Leslie became city clerk in 2005, taking over the office that conducts federal, state and local elections, and maintains voter registrations records, among other duties. Elections are always a challenge, she said.
“Laws and procedures change. There are always tweaks,” she said. “And they bring things up to speed with technology.” Optical election equipment replaced punch cards in 1995, eliminating the “dangling chads” that caused controversy in the 2000 presidential election in Florida.
“Michigan has been ahead of the curve in election law,” she said. “Michigan is one of four states where local municipalities conduct the election and it is not done at the county level.”
The records of the city are also under the care of the clerk. “Councils, boards and committees — we keep all the paperwork and post all the notices,” Leslie said. “We prepare packets and minutes. We have a team that does that, and they are quite busy.”
Digitizing records has created availability for all, she said.

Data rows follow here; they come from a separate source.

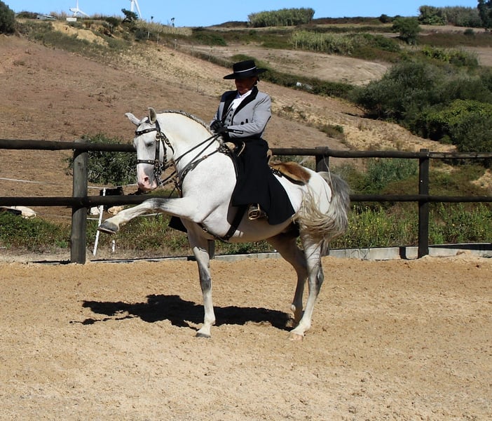 Mein Belmonte ist zwar nicht mehr jung ,aber superfit, gesund ,stark und absolut zuverlaessig . Es ist eine sehr seltene ,wenn nicht einmalige Gelegenheit, ein "Lebensversicherungspferd" zu erwerben.Da er mir sehr am herzen liegt, behalte ich mir vor, den neuen Besitzer gruendlich auszusuchen. Belmonte hat gefuehlt Hunderte Dressurpruefungen bis Avancado ( schwere M) gewonnen, kann aber auch Serienwechsel bis 2 er , Pirouetten, Piaffe, Passage, span Schritt,und natuerlich alle Seitengaenge in allen Gangarten. Er ist seit 10 Jahren bei mir und war keinen Tag krank oder lhm.Ein super gesundes starkes Pferd, der viel zu schade fuer die rente ist.Er hat nebenher hier allen Reitern , besonders den aengstlicheren, das Dressurreiten beigebracht. Sollte es jemand geben,der schon das reiten aufgeben will aus elchen Gruenden auch immer, hier ist die Gelegenheit, noch en paar Jahre sicher weiter zu reiten. Er wird verkauft,da wir aus altersgruenden unser Dressurunterichtsprogramm eingestellt haben und er sonst arbeitslos wird, dafuer ist er viel zu schade und hat zuviel Spass an der Sache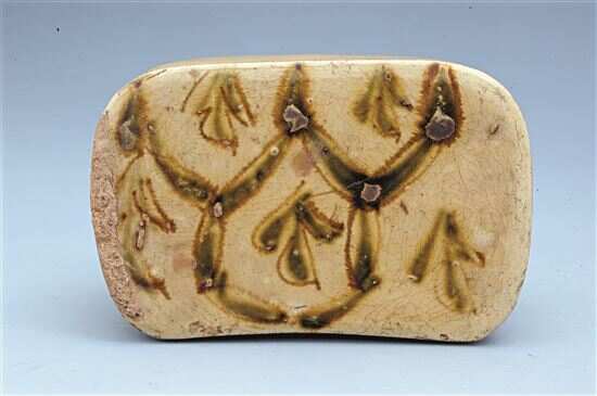 ■唐 长沙窑青釉褐绿彩草叶纹瓷枕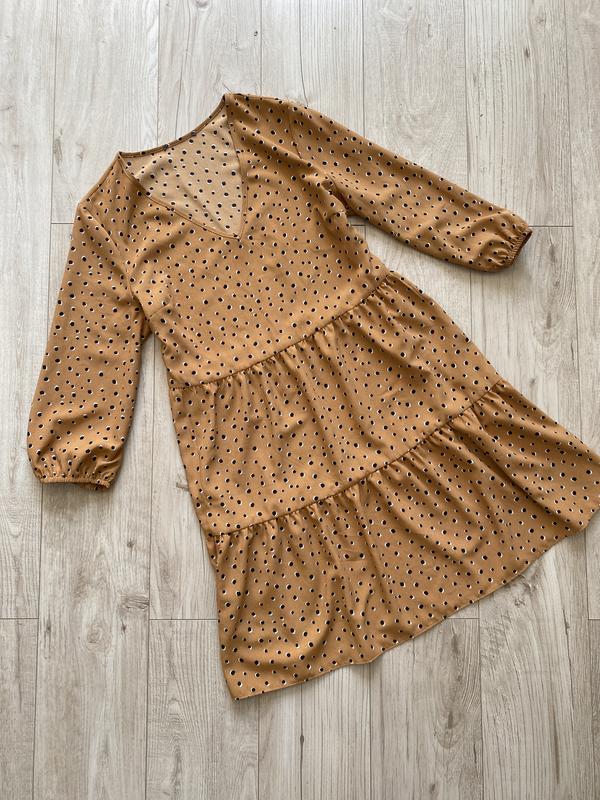 Красивое платье миди свободного кроя беж в принт 10 м Длина 86 Плечи 37 Рукав 3/4 низ резинка Полуобхват груди 49 Талии 46 Стегон свободно 62 Полиэстер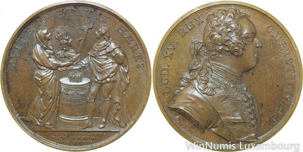 R9361 Rare Médaille Louis XV Le Roi Voeux Louis XIII Roettiers 1738 UNC ->Offer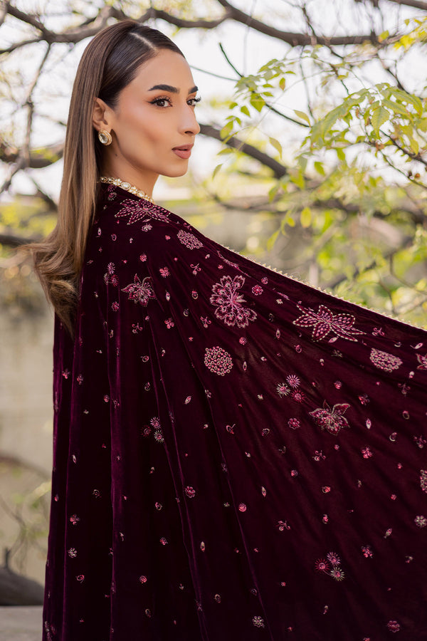 A stunning winter masterpiece crafted on rich dyed velvet fabric, featuring intricate embroidery, fine motifs, and a beautifully printed wool shawl — perfect for a warm yet elegant seasonal look.
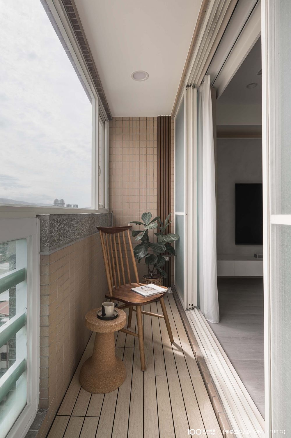 ▲陽台選用 塑木地板,更好清潔維護,設計師也有配置一組插座,我們就能在此用筆電。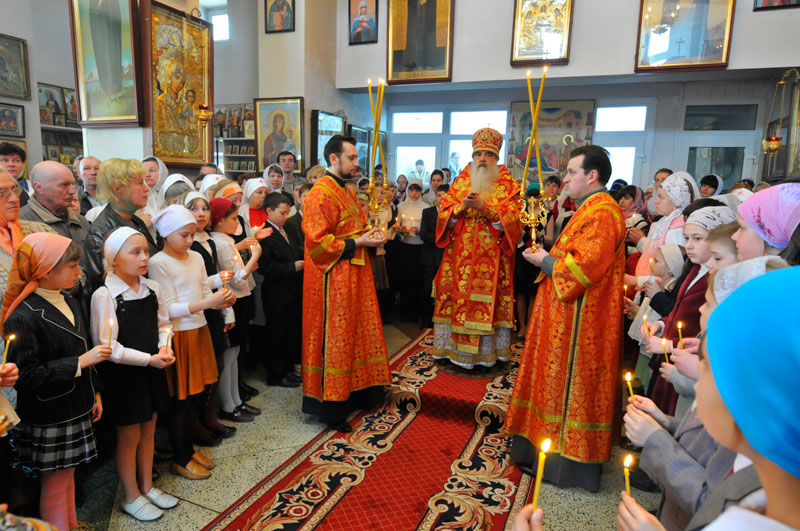 22 апреля 2009 года. Среда Светлой седмицы. Высокопреосвященнейший Митрополит Филарет возглавил Божественную литургию в домовой церкви в честь святого благоверного князя Александра Невского при воскресной школе Воскресенского собора в городе Борисове.

“Our councils have been very adamant about making things as transparent as possible,” she said. Record keeping has progressed steadily from when Leslie typed all reports in triplicate with the use of carbon paper on a typewriter. “Technology has made huge changes,” she said.
Along with overseeing all city cemeteries, the Clerk’s Office also keeps birth and death records and processes passport applications. “We work with the state very closely on that,” she said.
“Jane has done a fantastic job here at the city for many years,” Rochester Hills Mayor Bryan Barnett said. “She has a sense of calm and order in an office where it is not easy to maintain calm and order. I’ve never seen her frazzled.”
A new city clerk will be named at the end of the month, Barnett said. “Applications are closed,” he said, and a review process is currently in place.
Leslie said that in retirement she will most miss her co-workers, but she’s making plans to travel, spend time with her grandchildren and garden.
“The people here are fabulous,” she said. “They are just really, really nice. Bryan and the city directors are all very people-oriented. I just can’t say enough about the people here.”